# Not sure why



## ziggyross (Sep 21, 2013)

Okay so I have made some bubble a couple of times over the last few months. I used the same product and methods for making it each time. The first time the bubble came out dark and it was like play dough, never dried out completely.
The second time it came out it was sand colored and dried out in a day and can be crushed to a fine powder.

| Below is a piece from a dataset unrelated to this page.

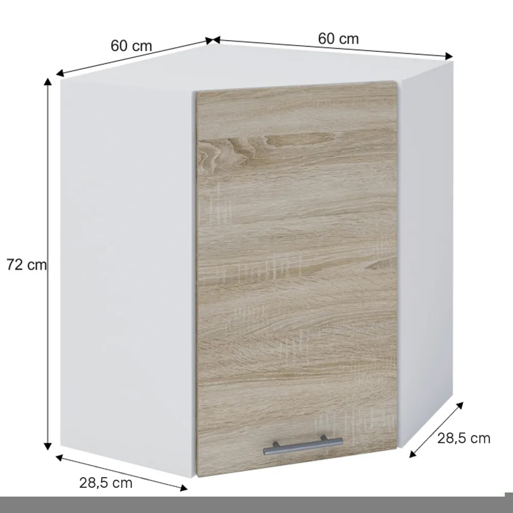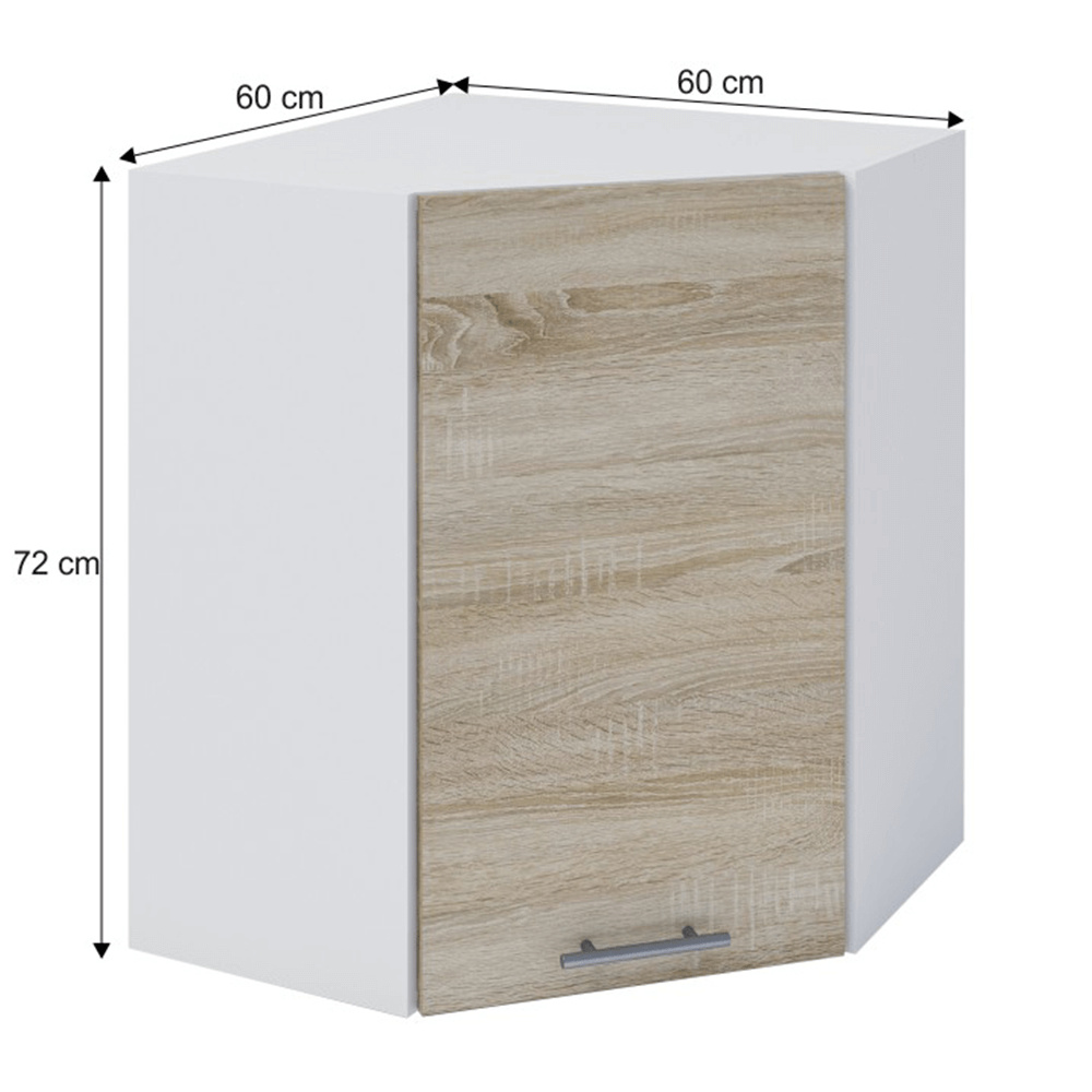 horní rohová skříňka W - 60N, materiál: DTD laminovaná, barevné provedení: dub sonoma / bílá, korpus: bílá, dvířka: dub sonoma. Rozměry ŠxVxH: 60x72x60 cm. Šířka bočních stran: 28,5 cm Tloušťka materiálu: 16 mm Dodáváno v demontu. Možnost zakoupení pracovní desky Fabiana Metalic brown šedá s tloušťkou 2,8 cm, šířkou 60 cm a cenou za bm 1.450 Kč. Možnost dokoupení univerzálního L / P dřezu LAY ON. Horní skříňky se nemontují na lištu, ale věší se na háčky. Háčky do zdi nejsou součástí balení, je třeba si je dokoupit.

Can anyone tell me what causes such a big difference.


----------



## ozzydiodude (Sep 21, 2013)

different strain produce different types of thrichsomes that is why bubble comes out so different from batch to batch


----------



## ziggyross (Sep 21, 2013)

ozzydiodude said:
			
		

> different strain produce different types of thrichsomes that is why bubble comes out so different from batch to batch



Ozzie this was from the same plant.


----------



## ozzydiodude (Sep 21, 2013)

The time you harvest can have a effect too. the more mature the fuller the thrich are with essential oils(thc,cbn,cbd) I think the more amber the more sticky the trichisomes are


----------



## ziggyross (Sep 21, 2013)

Hmmm, well maybe the first batch had more bud then fan leaves. They both worked that's all that counts i guess.


----------



## The Hemp Goddess (Sep 21, 2013)

A darker color generally indicates that you have more leaf material in the hash.  That could be what didn't dry out and what caused it to stick together.


----------